# A Mounting Issue.



## MaximasMommy (Sep 21, 2013)

My new lesson pony likes to walk off. My teacher told me to be the boss and be scary when he tries his shenannigans. So I get in front of his cute little half asleep face and yell STAND and pull back on the reins, just a quick yank. It sounds so mean but he just gives me this *fine, whatever* sort of look and stands there real good after that.

EDIT: omg I read this and it sounds like I walk him up to the mounting block and start off with that! Nonono. I walk him up, and usually end up making him back up a step or two, and then if he tries to walk forward on me, THEN I do that. If he's nice then I'm nice too!


----------



## Shropshirerosie (Jan 24, 2012)

There are numerous different things to try, and depending on the horse/problem some will work, and others won't.

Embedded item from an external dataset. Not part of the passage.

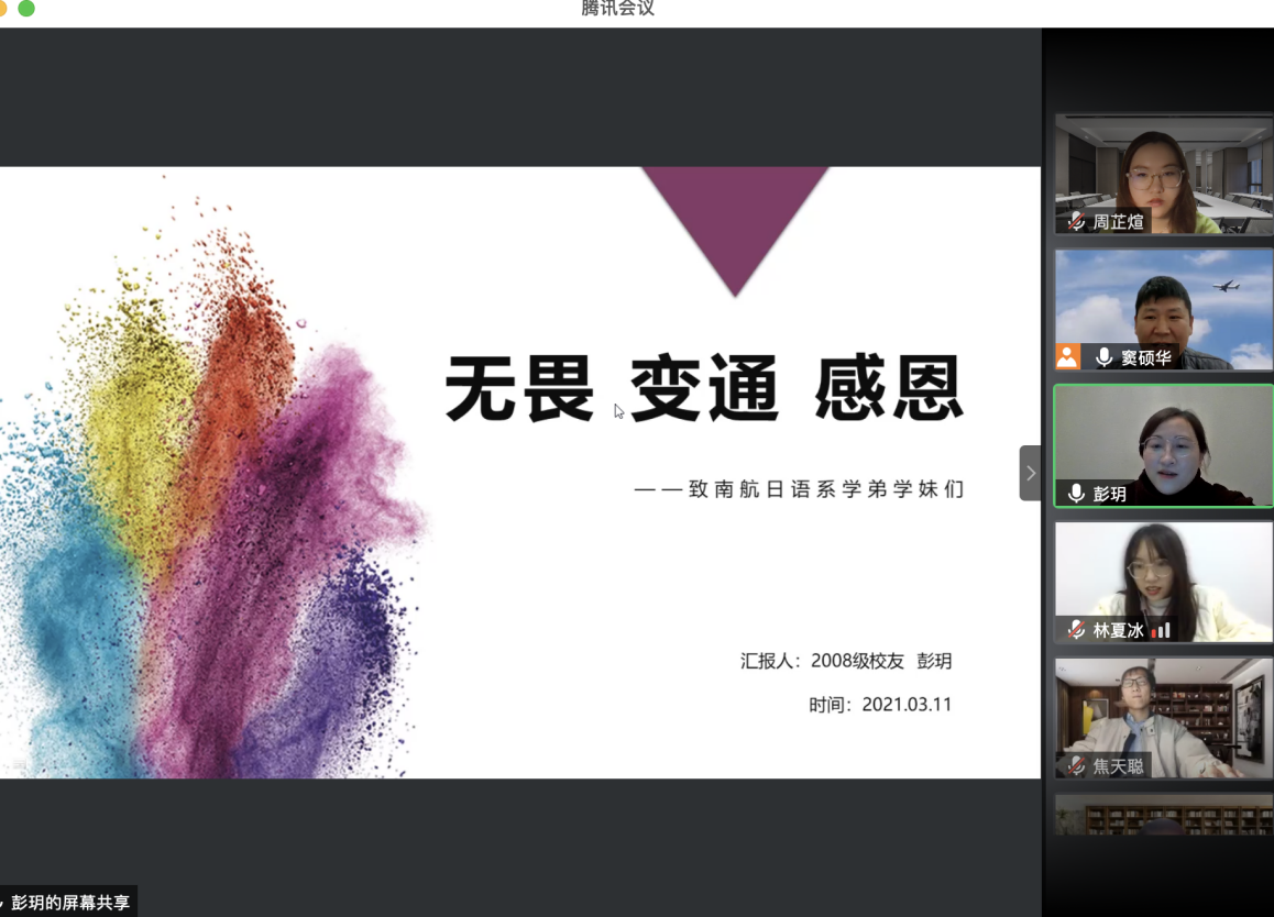 《科技文化创新创想》是外国语学院日语系设置的精品企业课程,由日语系邀请成功企业人士讲授。2021年第一讲于3月11日以《日语学子职业发展规划——以日资企业为例》为主题,通过腾讯会议模式开启。主讲人为08级校友彭玥,现任永旺(湖北)商业有限公司人事主管。

Here are some methods, in no order of usefulness:

- do not pick up contact on the reins until you are on, as the horse may take this as a cue to move

- teach the horse what you want, as he may never have learnt. Walk up to the mb, ask for stand, praise, lean on saddle,praise, etc. If he moves or shifts give him a firm 'no' or 'ah ah', push him back into place and continue

- when he moves, make him work is feet in tight circles thus teaching him that to stand will result in reward, and to fidget will result in work.

- place your mb so that the horse is inbetween it, and a wall, thus he cannot swing his hindquarters out

- do lots of groundwork with him in the round pen, using the mb as the place where he gets rest and praise 

- have mints in your pocket and only give him one when you have mounted successfully

The list goes on, and there are as many solutions as there are horses. But with patience, and trial and error you will find a solution


----------



## CowboysDream (Nov 12, 2011)

The horse I partboard is also a lesson horse and pretty much all the girls that ride him let him just walk off while they are getting on. So he has the habit that as soon as I put a bit of weight in the stirrup he starts to walk off. I have to take some contact on the reins and when I him tense up to walk off I 'woah' him and tell him to stand. If he actually takes a step I back him up. I used to be nervous about it but we have our routine now and I got comfortable since he's so predictable. 

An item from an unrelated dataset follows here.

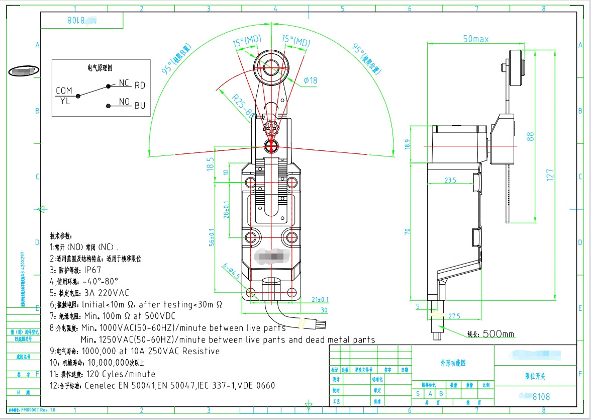 IP67 waterproof travel switch, manure scraper travel switch limiter, roller limit switch 8108/rod type 8107 8107

I think the main key is consistency. For awhile there I was the only person to ride him Saturday - Monday and by Monday he was already standing nicely for me.


----------



## SlideStop (Dec 28, 2011)

My friends TWH came with the same problem. Bring him to the center of the ring with the nmounting block. Lunge him around. Stand up on the block and ask him stop and come in. When he comes in pet him so he associates the block with rest and relaxation. Then just start walking him up to the block. Stand by his face, and pet him. Move towards his neck/should, see where the boundary of his comfort zone is. If he stays pet him until he is relaxed then walk away from the block. If he moves send him back out and work him. Once he is comfortable with the neck area move one step up the block. If he stands, reward. If he moves he works. Then progress to step 2, then step three, lean on the saddle, then eventually get on. Move at a pace that is comfortable with her! Remember if she stays you reward with a pet and walking away, if she goes she works. Don't push the boundies to fast either. Once you are able to get on, get off right away and quit on that! My friends horse learned to stand in about a day and a half. Everyone once on a blue moon he needs a reminder, but he is pretty solid for mounting!
_Posted via Mobile Device_


----------



## SammysMom (Jul 20, 2013)

I had this issue with my guy in the beginning. His former owner did a hopping-mount from the ground as he was walking away, and it was maddening trying to get on him from a block. What worked really well for me was making the calm thing be me settling into the saddle, not walking off. My trainer explained it like this: the way I was doing it, I was gathering my reins, getting ready and then _abunchofthingshappenatonce_! So we worked on doing things in stages. Gather the reins, put one foot in, stand up on that foot, swing my other leg back and forth, swing over, sit down and THEN get super quiet. Teach him that me doing things doesn't mean he needs to get going. I can mess with the reins and move things around, and all he has to do is stand there. In the beginning when he was still moving off, I didn't move on to the next step until he was still. Generally if I could gather the reins and he stood, I could put a foot in and he'd stand. Of course there were times I didn't have time to work on it and just jumped up and hoped for the best, but the slow thing really helped. Now I can hang out standing up with one foot in the stirrup and he doesn't go anywhere, which is a HUGE change from mounting him in the beginning.


----------